WHAT YOU NEED TO DO
Since the records include pictures, leave those out while you reproduce exactly and only the lines from the one containing "있다. 진선희기자 |" through the one containing "Determination of the", inclusive.

RECORDS SHOWN
——

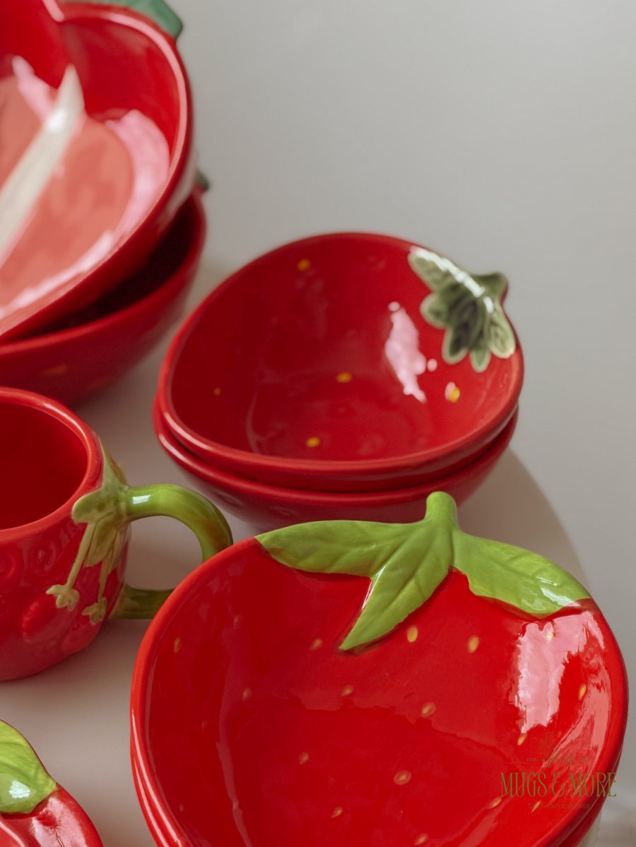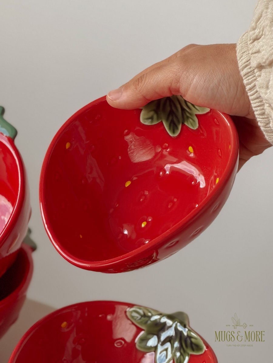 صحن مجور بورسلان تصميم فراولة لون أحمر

——

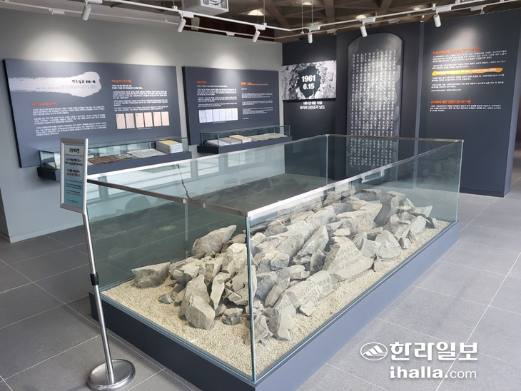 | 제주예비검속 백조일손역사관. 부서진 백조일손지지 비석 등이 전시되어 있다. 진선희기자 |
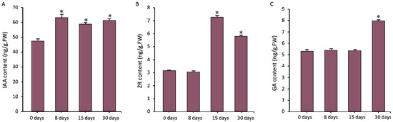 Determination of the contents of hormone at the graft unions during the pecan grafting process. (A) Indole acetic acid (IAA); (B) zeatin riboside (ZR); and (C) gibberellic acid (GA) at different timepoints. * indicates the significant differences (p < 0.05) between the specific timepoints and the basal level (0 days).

——

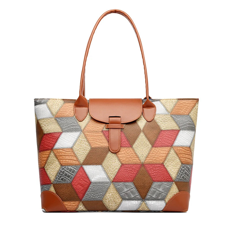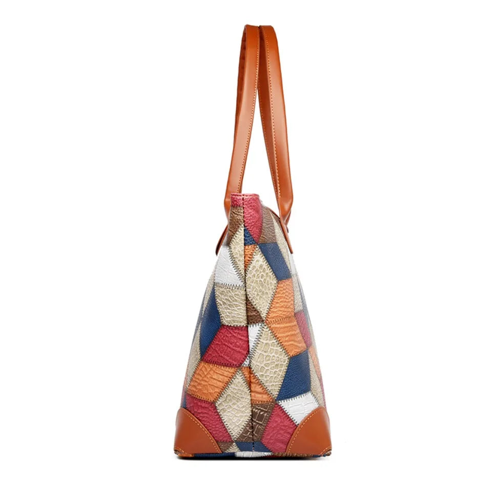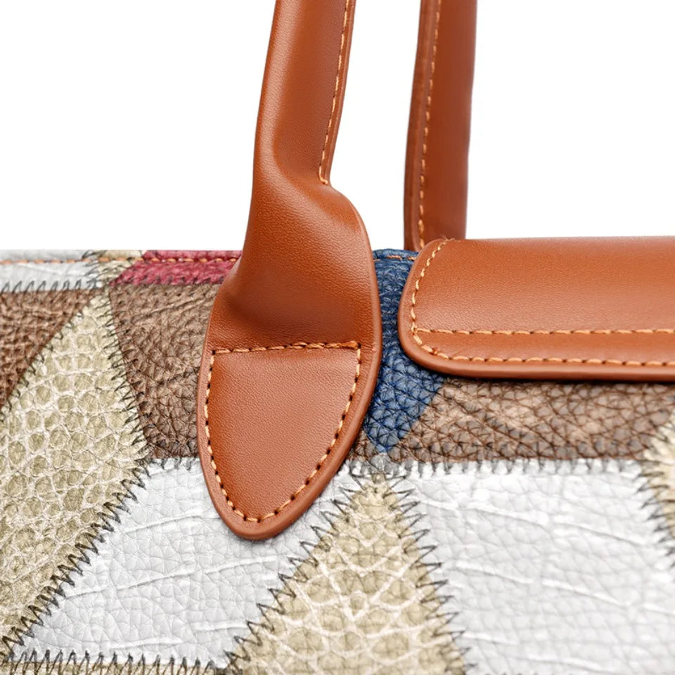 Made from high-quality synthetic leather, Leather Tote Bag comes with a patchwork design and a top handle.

——

ANSWER FOR THIS EXERCISE
 | 제주예비검속 백조일손역사관. 부서진 백조일손지지 비석 등이 전시되어 있다. 진선희기자 |
 Determination of the contents of hormone at the graft unions during the pecan grafting process. (A) Indole acetic acid (IAA); (B) zeatin riboside (ZR); and (C) gibberellic acid (GA) at different timepoints. * indicates the significant differences (p < 0.05) between the specific timepoints and the basal level (0 days).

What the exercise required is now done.